*Record excerpts*:
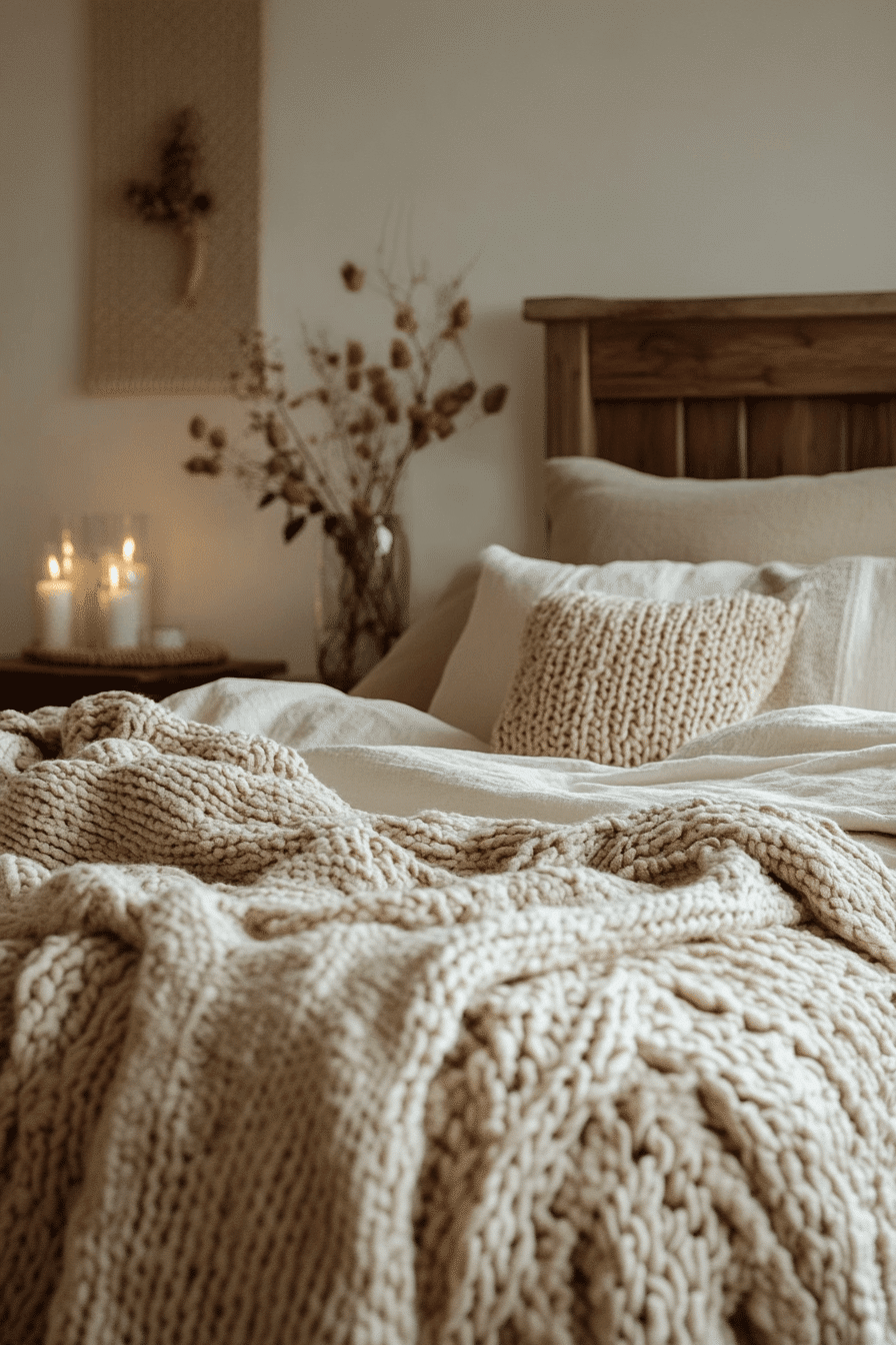 Warm tones and cozy layers transform the space into a comforting hideaway inspired by fireside living. This cottagecore bedroom uses earthy hues to create depth and warmth. Chunky knits and textured accents add softness throughout. Gentle lighting enhances the inviting mood. The design feels rustic yet timeless. Click to discover more hearth-inspired cottagecore bedroom ideas.
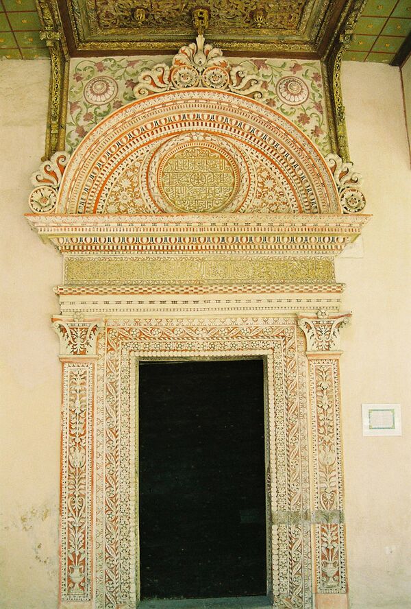 Этот величественный порог и эта возвышенная дверь построены по приказу государя двух материков и хакана двух морей, государя, сына государя, Менгли Герая хана, сына государя Хаджи Герая хана. 909 (1503).
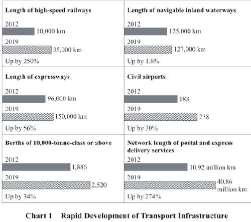 China has made all-round improvements to the quality of transport. The rapid growth of Internet Plus Transport and other new business models has offered more equitable access to more diversified services of higher quality, facilitating the movement of people and goods, and strengthening the accessibility and support functions of transport. Transport is playing a stronger role in supporting the nation's economic and social development, and in promoting investment, stimulating consumption, and sustaining growth.
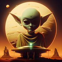 Deze afbeelding toont een sterelf tegen de achtergrond van een planeet met Afrofuturistisch geïnspireerde elementen zoals felle kleuren en futuristische ontwerpen. Een randlicht omringt de figuur met een halo, wat zijn silhouet benadrukt en een surrealistische sfeer creëert. De cyberpunk iconografie voegt een vleugje technologische en dystopische elementen toe aan de scène, wat resulteert in een visueel verbluffende en betoverende compositie.
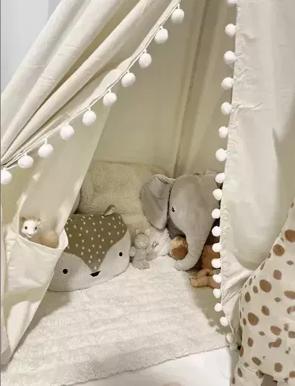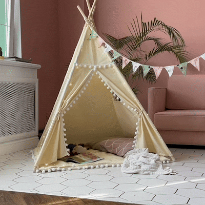 Our family is absolutely smitten with this teepee tent. It's the perfect size for our little ones to play in and fits comfortably in various areas of our home. The solid pine wood structure ensures it's sturdy while the soft cotton interior makes it cosy.
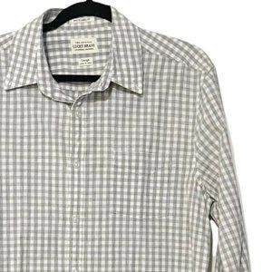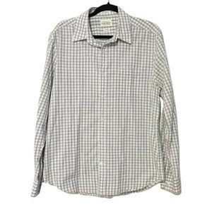 Lucky Brand Men's White Label Fit Gray & White Plaid Button Down Shirt
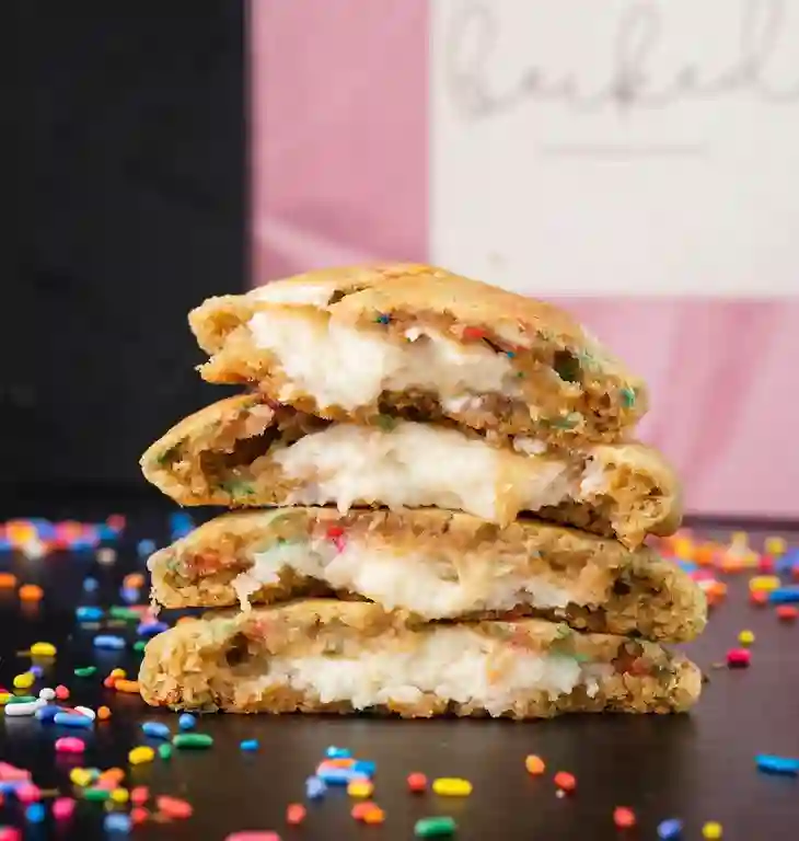 Galleta de vainilla con sprinkles de colores rellena de crema de vainilla.
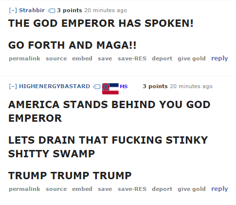 The post, which spoke the language of r/the_donald with an easy fluency, unsurprisingly sparked a rapturous torrent of adulation from the subreddit's denizens.
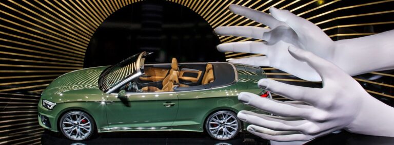 Riesenhände am Messestand überraschen mit einer Berührung der besonderen Art Auf der international bedeutenden Automobilfachmesse IAA in Frankfurt 2019 hat AUDI sein neues Cabrio-Modell besonders auffällig präsentiert: der Audi A5 40 TDI quattro wird durch zwei weiße Riesenhände in Szene gesetzt. Der Messestand wird durch diese Inszenierung zu einem besonderen Hingucker, zu dem wir unseren … Riesenhände für IAA-Messestand weiterlesen
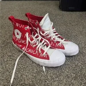 Stylish red high-top' sneakers with white toe cap and laces. Durable canvas upper with bold white graphic text. Comfortable cushioned insole and grippy rubber sole for everyday wear.
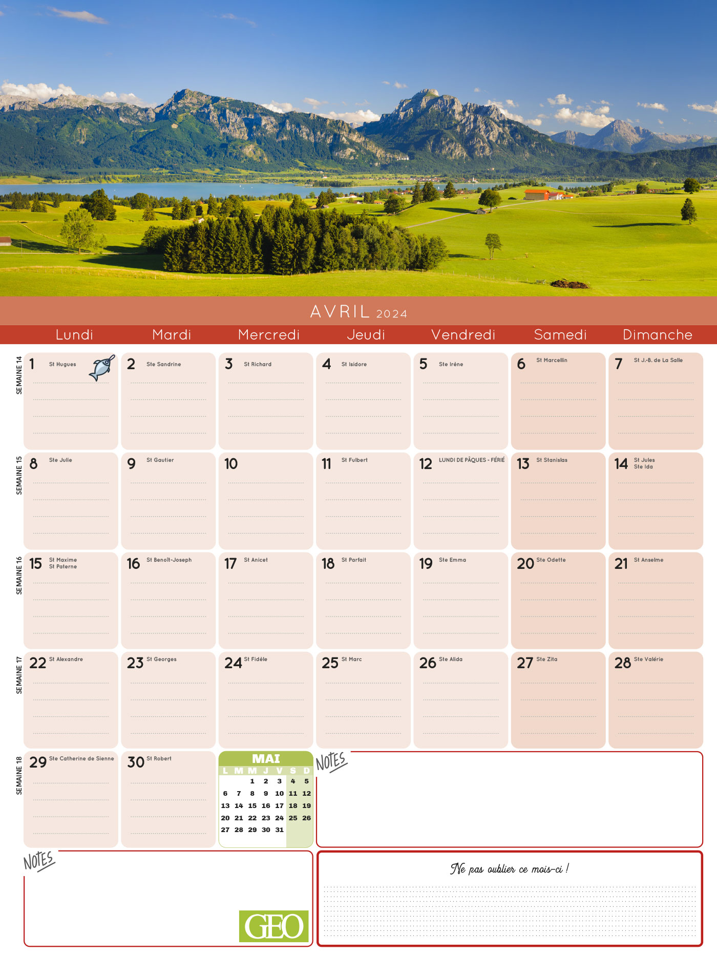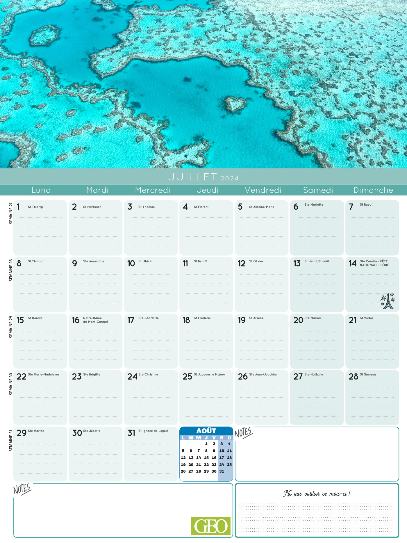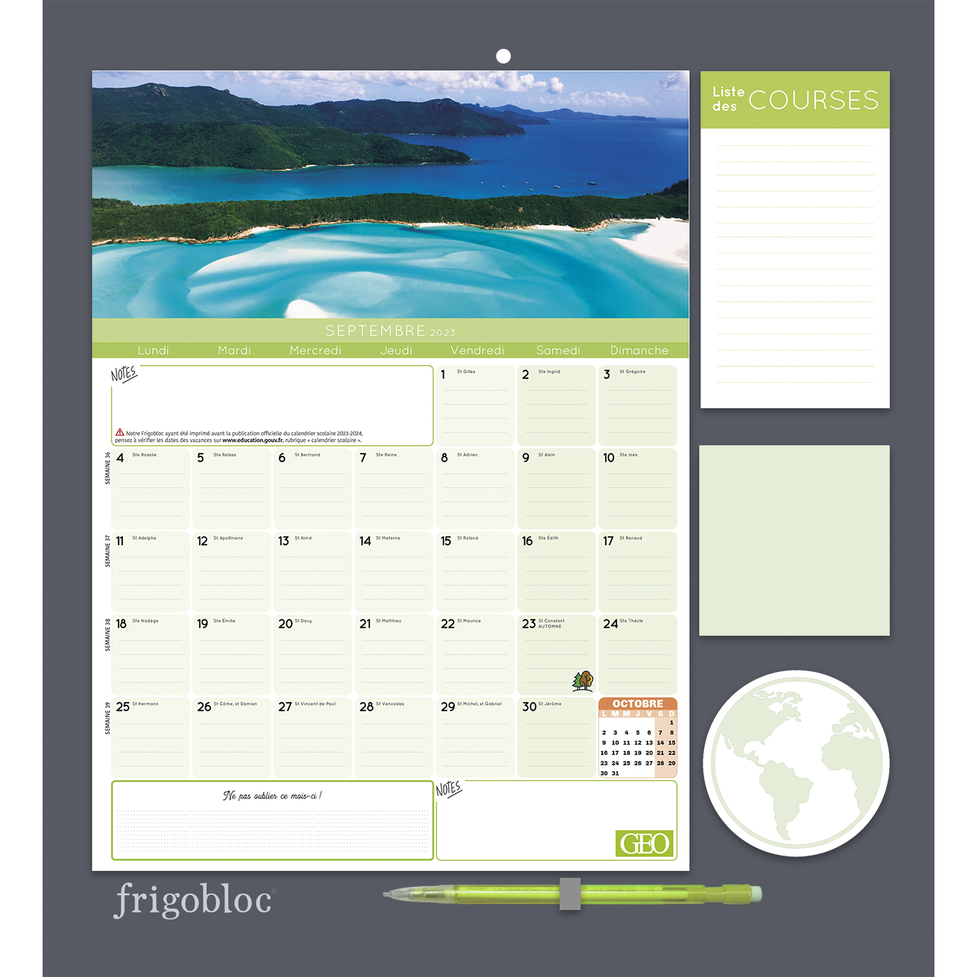 Avec ce calendrier Frigobloc spécial Géo, maxi solide qui tient parfaitement sur tous les modèles de frigos grâce à son maxi aimant, planifiez tout sur 16 mois, de septembre 2023 à décembre 2024. Le planning d'organisation par mois permet de tout noter et de ne rien rater de la vie familiale, et chaque mois, retrouvez une belle et grande photo GEO pour vous évader à travers le monde.

*Task prompt*: Reproduce every record above exactly, omitting the pictures.

*Exercise response*:
 Warm tones and cozy layers transform the space into a comforting hideaway inspired by fireside living. This cottagecore bedroom uses earthy hues to create depth and warmth. Chunky knits and textured accents add softness throughout. Gentle lighting enhances the inviting mood. The design feels rustic yet timeless. Click to discover more hearth-inspired cottagecore bedroom ideas.
 Этот величественный порог и эта возвышенная дверь построены по приказу государя двух материков и хакана двух морей, государя, сына государя, Менгли Герая хана, сына государя Хаджи Герая хана. 909 (1503).
 China has made all-round improvements to the quality of transport. The rapid growth of Internet Plus Transport and other new business models has offered more equitable access to more diversified services of higher quality, facilitating the movement of people and goods, and strengthening the accessibility and support functions of transport. Transport is playing a stronger role in supporting the nation's economic and social development, and in promoting investment, stimulating consumption, and sustaining growth.
 Deze afbeelding toont een sterelf tegen de achtergrond van een planeet met Afrofuturistisch geïnspireerde elementen zoals felle kleuren en futuristische ontwerpen. Een randlicht omringt de figuur met een halo, wat zijn silhouet benadrukt en een surrealistische sfeer creëert. De cyberpunk iconografie voegt een vleugje technologische en dystopische elementen toe aan de scène, wat resulteert in een visueel verbluffende en betoverende compositie.
 Our family is absolutely smitten with this teepee tent. It's the perfect size for our little ones to play in and fits comfortably in various areas of our home. The solid pine wood structure ensures it's sturdy while the soft cotton interior makes it cosy.
 Lucky Brand Men's White Label Fit Gray & White Plaid Button Down Shirt
 Galleta de vainilla con sprinkles de colores rellena de crema de vainilla.
 The post, which spoke the language of r/the_donald with an easy fluency, unsurprisingly sparked a rapturous torrent of adulation from the subreddit's denizens.
 Riesenhände am Messestand überraschen mit einer Berührung der besonderen Art Auf der international bedeutenden Automobilfachmesse IAA in Frankfurt 2019 hat AUDI sein neues Cabrio-Modell besonders auffällig präsentiert: der Audi A5 40 TDI quattro wird durch zwei weiße Riesenhände in Szene gesetzt. Der Messestand wird durch diese Inszenierung zu einem besonderen Hingucker, zu dem wir unseren … Riesenhände für IAA-Messestand weiterlesen
 Stylish red high-top' sneakers with white toe cap and laces. Durable canvas upper with bold white graphic text. Comfortable cushioned insole and grippy rubber sole for everyday wear.
 Avec ce calendrier Frigobloc spécial Géo, maxi solide qui tient parfaitement sur tous les modèles de frigos grâce à son maxi aimant, planifiez tout sur 16 mois, de septembre 2023 à décembre 2024. Le planning d'organisation par mois permet de tout noter et de ne rien rater de la vie familiale, et chaque mois, retrouvez une belle et grande photo GEO pour vous évader à travers le monde.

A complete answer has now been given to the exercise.